60. The method of any one of claims 57-59, wherein the gene is knocked down or knocked out.

61. The method of any one of claims 57-59, wherein the gene is modified such that a functional gene product can be expressed.

62. The method of any one of claims 57-61, wherein the rAAV comprises the first and the second gRNA, wherein the second gRNA comprises a targeting sequence complementary to a different target site in a gene targeted by the targeting sequence of the first gRNA, wherein the nucleotides between the target sites are excised by cleavage of the target sites by the CasX protein.

63. The method of any one of claims 57-61, wherein the rAAV comprises the first and the second gRNA, wherein the second gRNA comprises a targeting sequence complementary to a target site in a different gene targeted by the targeting sequence of the first gRNA, wherein the target nucleic acid at each target site is modified by the CasX protein.

64. A method of treating a disease in a subject caused by one or more mutations in a gene of the subject, comprising administering a therapeutically effective dose of the rAAV of any one of claims 40-56 to the subject.

65. The method of claim 62, wherein the rAAV is administered to the subject by a route of administration selected from subcutaneous, intradermal, intraneural, intranodal, intramedullary, intramuscular, intralumbar, intrathecal, subarachnoid, intraventricular, intracapsular, intravenous, intralymphatical, intraocular and intraperitoneal routes, and wherein the administration method is injection, transfusion, or implantation.

66. The method of claim 64 or claim 65, wherein the subject is selected from the group consisting of mouse, rat, pig, and non-human primate.

67. The method of claim 64 or claim 65, wherein the subject is a human.

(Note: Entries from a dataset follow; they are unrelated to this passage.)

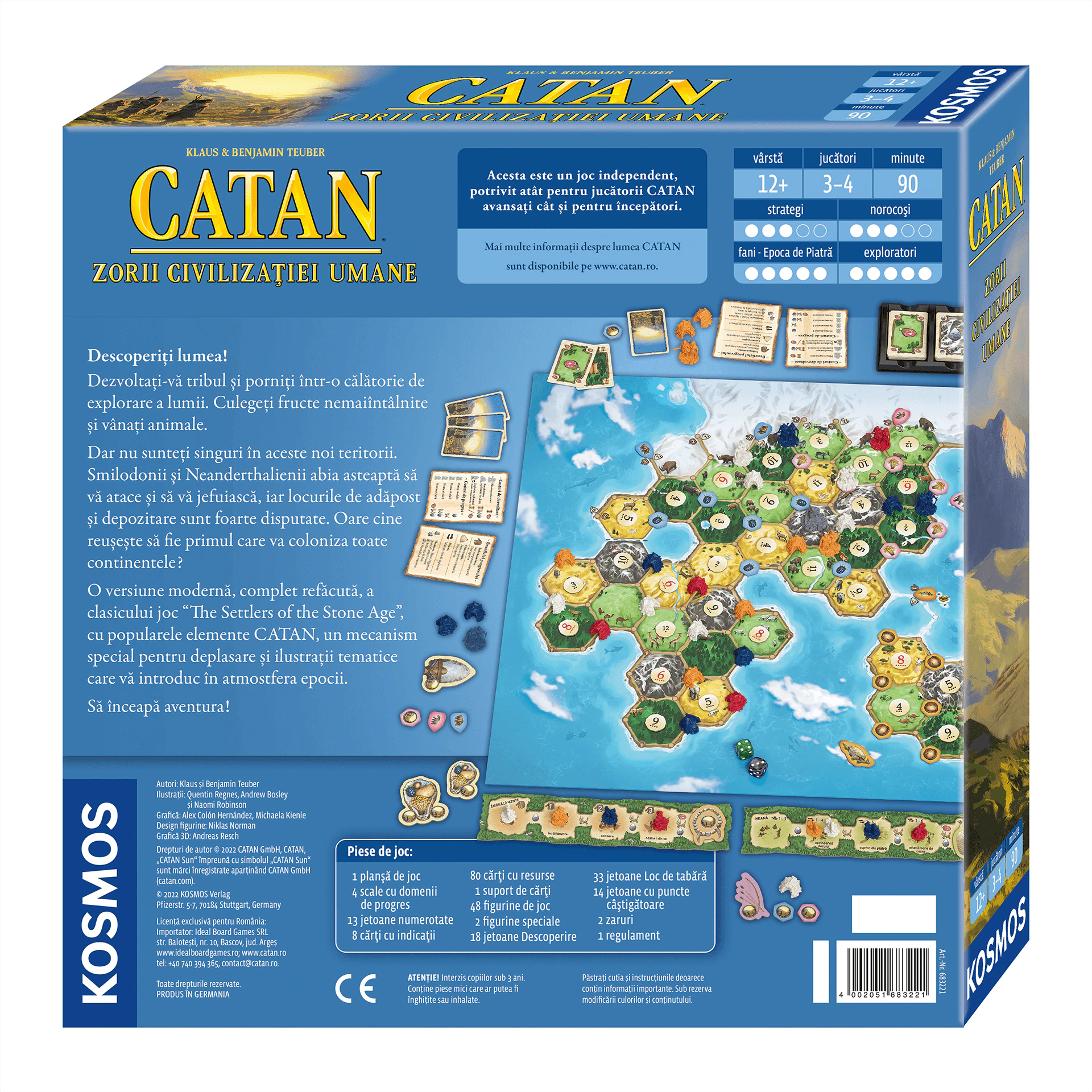 O versiune moderna, complet refacuta, a clasicului joc “The Settlers of the Stone Age”, cu popularele elemente CATAN, un mecanism special pentru deplasare si ilustratii tematice care va introduc in atmosfera epocii.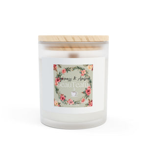 Scented Frosted Glass Candle "BeauTEAful" - Oakmoss & Amber =Calmness & Ambience, 11oz. Made in USA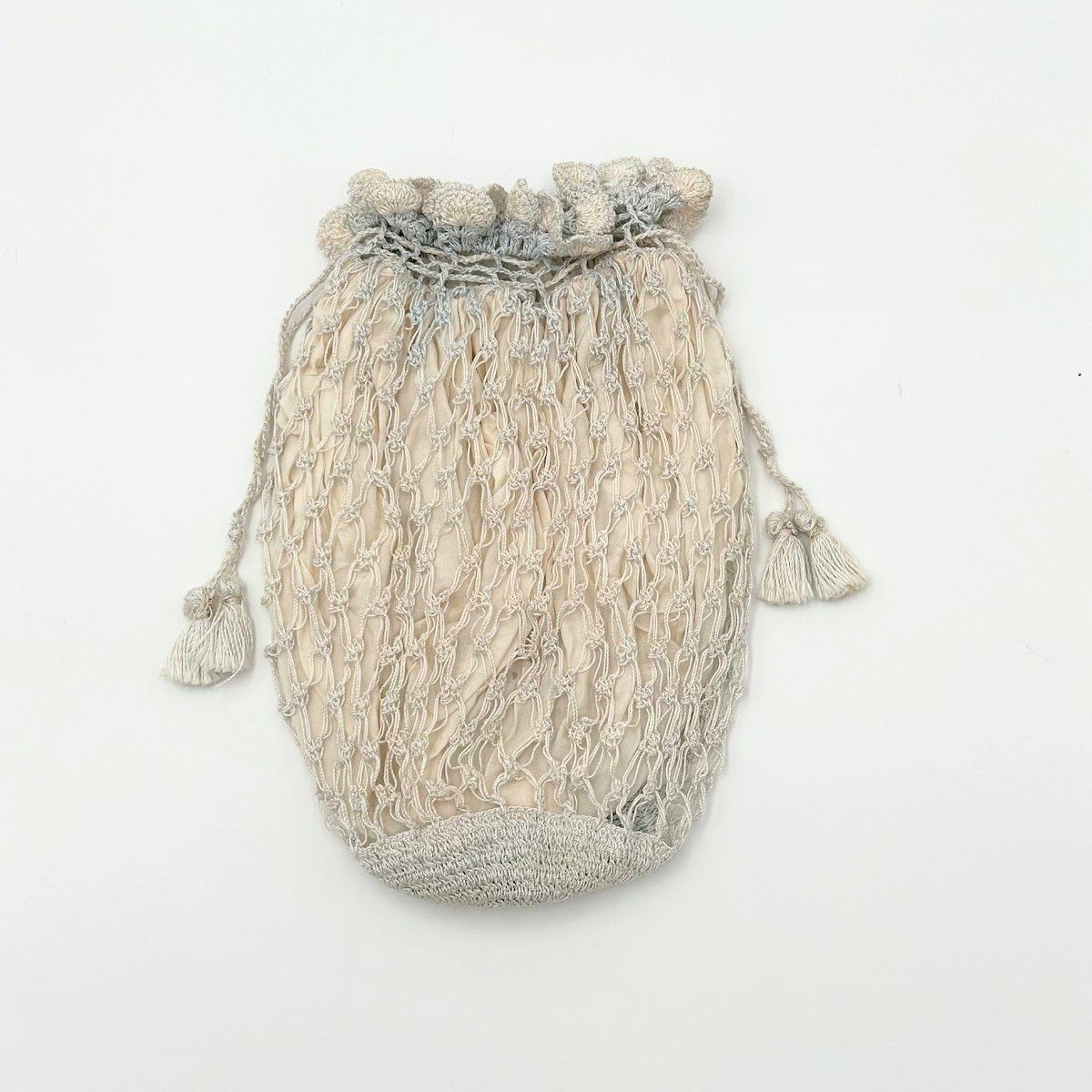 This drawstring purse is made of white and blue string lace and crocheted at the top and bottom. The bag is lined with heavily gathered white silk and appears handmade. The lining is only connected to the overlay of the bag by the gathers at the top and there is a small padded square sewn into the inside bottom of the overlay, presumably to help the bag retain its teardrop, cylindrical shape while being worn.Acquisition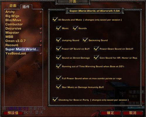 SuperMario超级玛丽魔兽世界插件是一款魔兽世界音效插件,使用该插件需先下载SDSPE超级音效包工具,一起装载才可正常使用。SuperMario超级玛丽魔兽世界插件可以在你的魔兽世界中加入超级玛丽的音效,包括更改背景音乐、跳跃音效、游泳音效等为超级玛丽中的各种趣味音效,让你在听惯了魔兽世界音乐之余,又能回味一下过去玩超级玛丽时那种轻松愉快的感觉。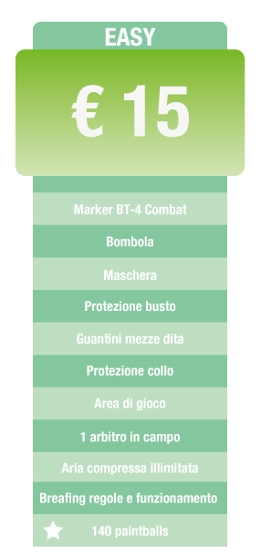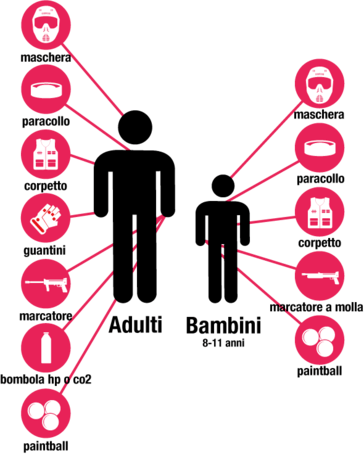 Per giocare a paintball serve spirito di divertimento, una media resistenza fisica per lo sport aerobico e, molto importante, un abbigliamento adeguato: forniamo tutta l'attrezzatura necessaria per giocare in sicurezza e divertirsi!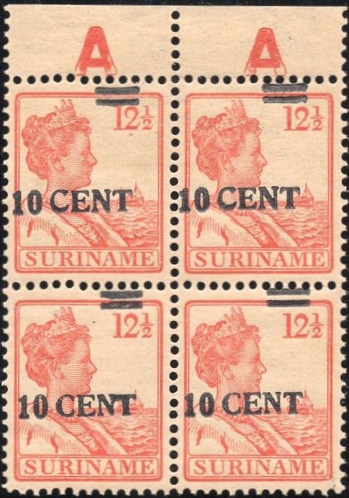Hulpuitgifte nr. 112 in randblok van 4 met sterk verschoven zwarte overdruk. Gom ingedroogd. (Image)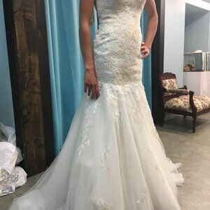 SAMPLE Fit & Flare Sexy Lace Wedding Dress Romantic Mermaid, Light Gold & Ivory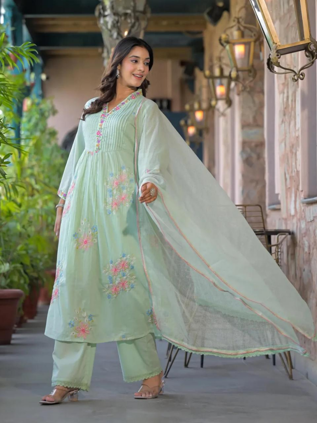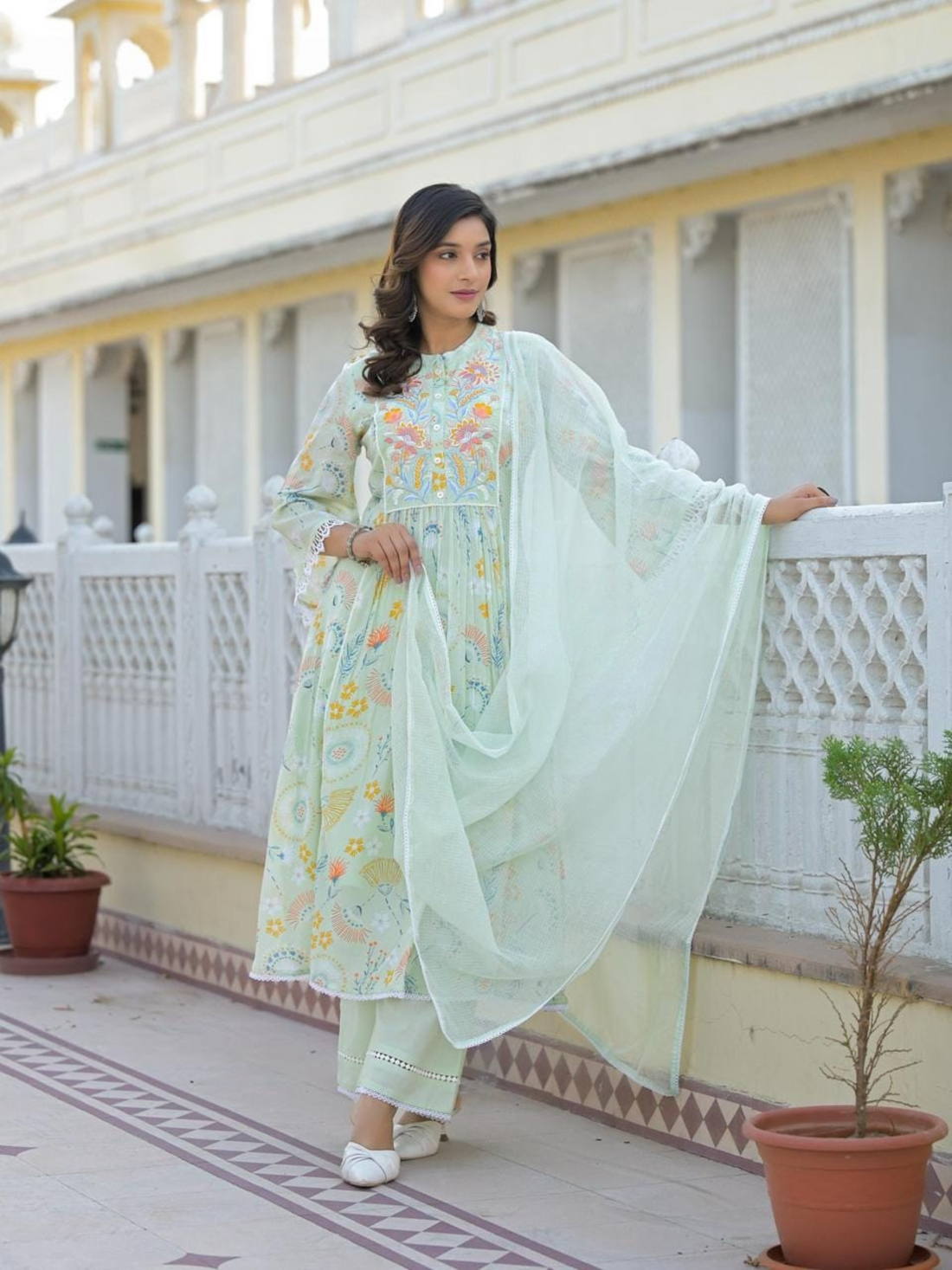 Premium Pure Cotton Digital Printed Embroidery Suits-Light Green

68. A method of making a rAAV, comprising:

a. providing a population of packaging cells; and

b. transfecting the population of cells with:

i) a vector comprising the transgene of any one of claims 1-38;

ii) a vector comprising an Assembly-Activating Protein (AAP) gene; and

iii) a vector comprising rep and cap genomes.

69. The method of claim 68, wherein the packaging cell is selected from the group consisting of BHK cells, HEK293 cells, HEK293T cells, NSO cells, SP2/0 cells, YO myeloma cells, P3X63 mouse myeloma cells, PER cells, PER.C6 cells, hybridoma cells, NIH3T3 cells, COS cells, HeLa cells, and CHO cells.

70. The method of claim 68 or claim 69, the method further comprising recovering the rAAV.

71. The method of any one of claims 68-70, wherein the component sequences of the transgene are encompassed in a single recombinant adeno-associated virus particle.

72. A composition of a recombinant adeno-associated virus of any one of claims 40-56, for use in the manufacture of a medicament for the treatment of a disease in a human in need thereof.

73. A kit comprising the rAAV of any one of claim 40-56 and a suitable container.

74. The kit of claim 73, comprising a pharmaceutically acceptable carrier, diluent, buffer, or excipient.